Task inputs Start Marker

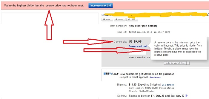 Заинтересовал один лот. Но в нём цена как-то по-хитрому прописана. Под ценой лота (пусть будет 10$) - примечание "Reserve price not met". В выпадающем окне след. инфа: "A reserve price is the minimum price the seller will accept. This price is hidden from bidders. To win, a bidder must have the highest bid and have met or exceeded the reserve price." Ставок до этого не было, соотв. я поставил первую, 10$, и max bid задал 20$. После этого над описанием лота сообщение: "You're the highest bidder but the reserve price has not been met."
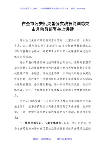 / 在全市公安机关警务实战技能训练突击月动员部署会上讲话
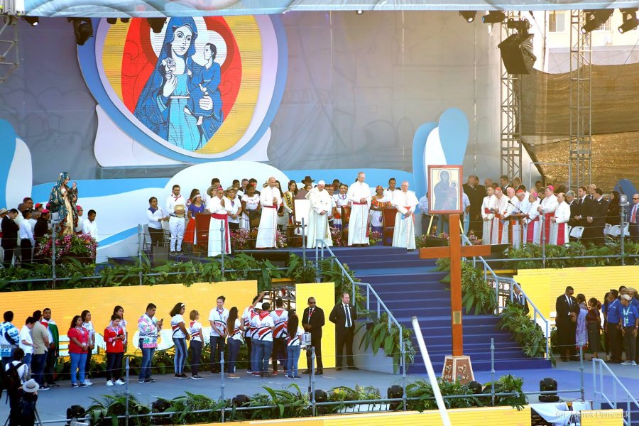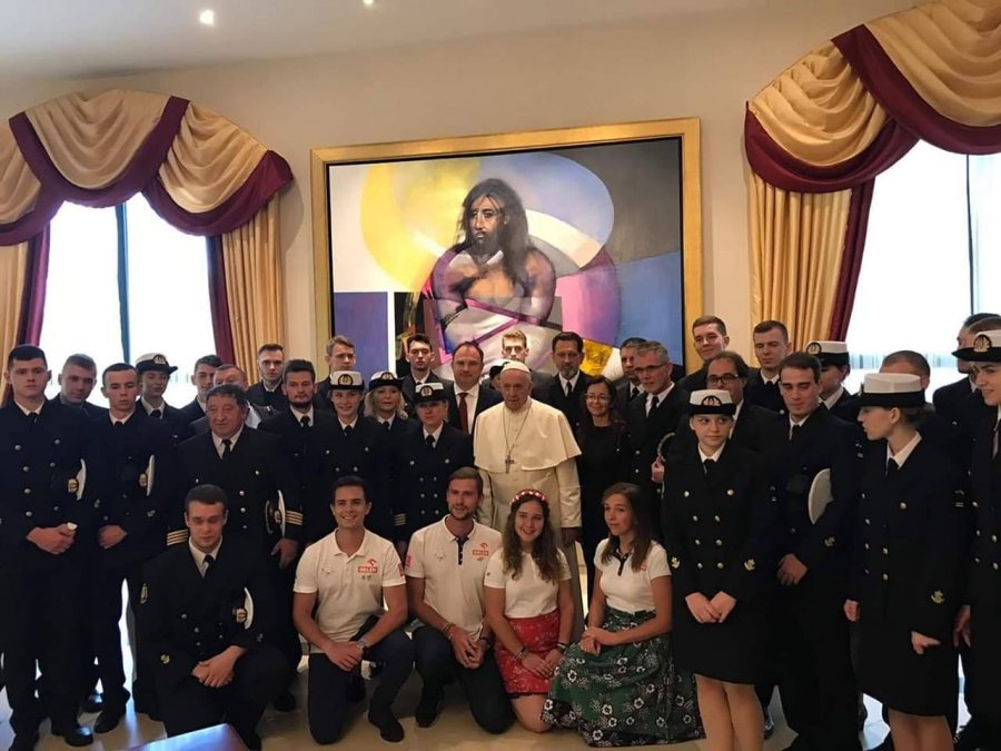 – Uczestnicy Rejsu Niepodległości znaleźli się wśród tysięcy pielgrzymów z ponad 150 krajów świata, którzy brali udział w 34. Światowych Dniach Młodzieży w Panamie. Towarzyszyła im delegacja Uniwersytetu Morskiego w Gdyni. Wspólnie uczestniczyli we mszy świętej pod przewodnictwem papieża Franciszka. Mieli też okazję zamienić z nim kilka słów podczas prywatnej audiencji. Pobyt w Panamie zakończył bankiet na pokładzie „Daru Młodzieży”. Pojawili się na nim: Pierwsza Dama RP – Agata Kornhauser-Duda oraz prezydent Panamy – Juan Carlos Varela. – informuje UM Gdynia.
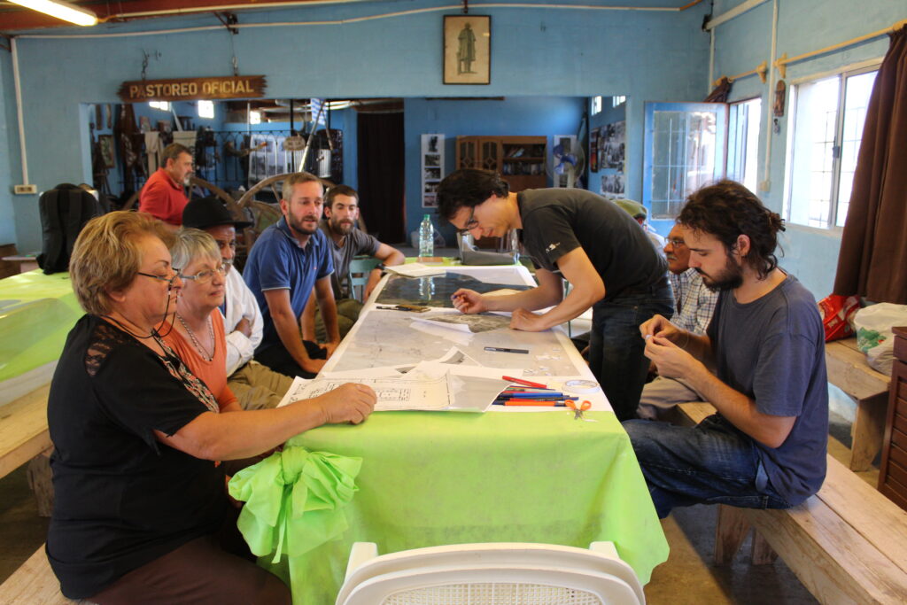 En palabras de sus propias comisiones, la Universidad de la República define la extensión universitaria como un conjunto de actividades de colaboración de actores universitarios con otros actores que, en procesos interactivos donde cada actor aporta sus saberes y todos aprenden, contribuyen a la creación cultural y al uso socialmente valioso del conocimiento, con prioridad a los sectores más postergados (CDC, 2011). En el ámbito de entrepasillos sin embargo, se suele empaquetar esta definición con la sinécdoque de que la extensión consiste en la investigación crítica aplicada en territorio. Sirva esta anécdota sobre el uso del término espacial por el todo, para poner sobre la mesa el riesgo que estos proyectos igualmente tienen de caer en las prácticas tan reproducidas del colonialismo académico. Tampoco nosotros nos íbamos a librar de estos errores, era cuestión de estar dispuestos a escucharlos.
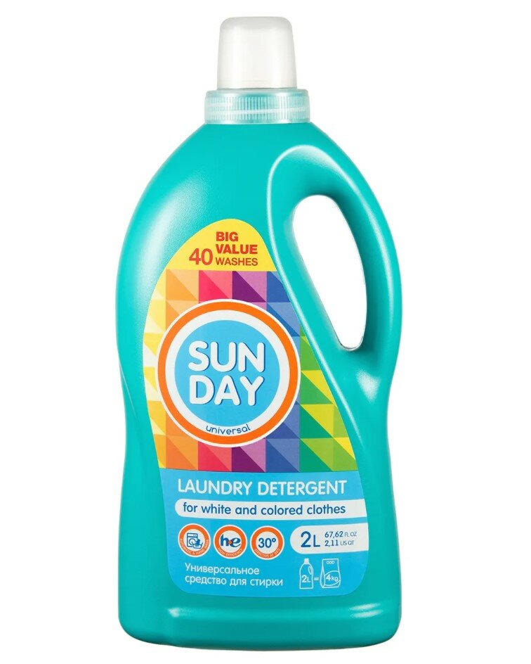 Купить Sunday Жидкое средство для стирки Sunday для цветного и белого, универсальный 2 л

Task inputs End Marker

▶ Task directions
The copy you output must match the entries above exactly, except that it has no pictures.

▶ Written answer
 Заинтересовал один лот. Но в нём цена как-то по-хитрому прописана. Под ценой лота (пусть будет 10$) - примечание "Reserve price not met". В выпадающем окне след. инфа: "A reserve price is the minimum price the seller will accept. This price is hidden from bidders. To win, a bidder must have the highest bid and have met or exceeded the reserve price." Ставок до этого не было, соотв. я поставил первую, 10$, и max bid задал 20$. После этого над описанием лота сообщение: "You're the highest bidder but the reserve price has not been met."
 / 在全市公安机关警务实战技能训练突击月动员部署会上讲话
 – Uczestnicy Rejsu Niepodległości znaleźli się wśród tysięcy pielgrzymów z ponad 150 krajów świata, którzy brali udział w 34. Światowych Dniach Młodzieży w Panamie. Towarzyszyła im delegacja Uniwersytetu Morskiego w Gdyni. Wspólnie uczestniczyli we mszy świętej pod przewodnictwem papieża Franciszka. Mieli też okazję zamienić z nim kilka słów podczas prywatnej audiencji. Pobyt w Panamie zakończył bankiet na pokładzie „Daru Młodzieży”. Pojawili się na nim: Pierwsza Dama RP – Agata Kornhauser-Duda oraz prezydent Panamy – Juan Carlos Varela. – informuje UM Gdynia.
 En palabras de sus propias comisiones, la Universidad de la República define la extensión universitaria como un conjunto de actividades de colaboración de actores universitarios con otros actores que, en procesos interactivos donde cada actor aporta sus saberes y todos aprenden, contribuyen a la creación cultural y al uso socialmente valioso del conocimiento, con prioridad a los sectores más postergados (CDC, 2011). En el ámbito de entrepasillos sin embargo, se suele empaquetar esta definición con la sinécdoque de que la extensión consiste en la investigación crítica aplicada en territorio. Sirva esta anécdota sobre el uso del término espacial por el todo, para poner sobre la mesa el riesgo que estos proyectos igualmente tienen de caer en las prácticas tan reproducidas del colonialismo académico. Tampoco nosotros nos íbamos a librar de estos errores, era cuestión de estar dispuestos a escucharlos.
 Купить Sunday Жидкое средство для стирки Sunday для цветного и белого, универсальный 2 л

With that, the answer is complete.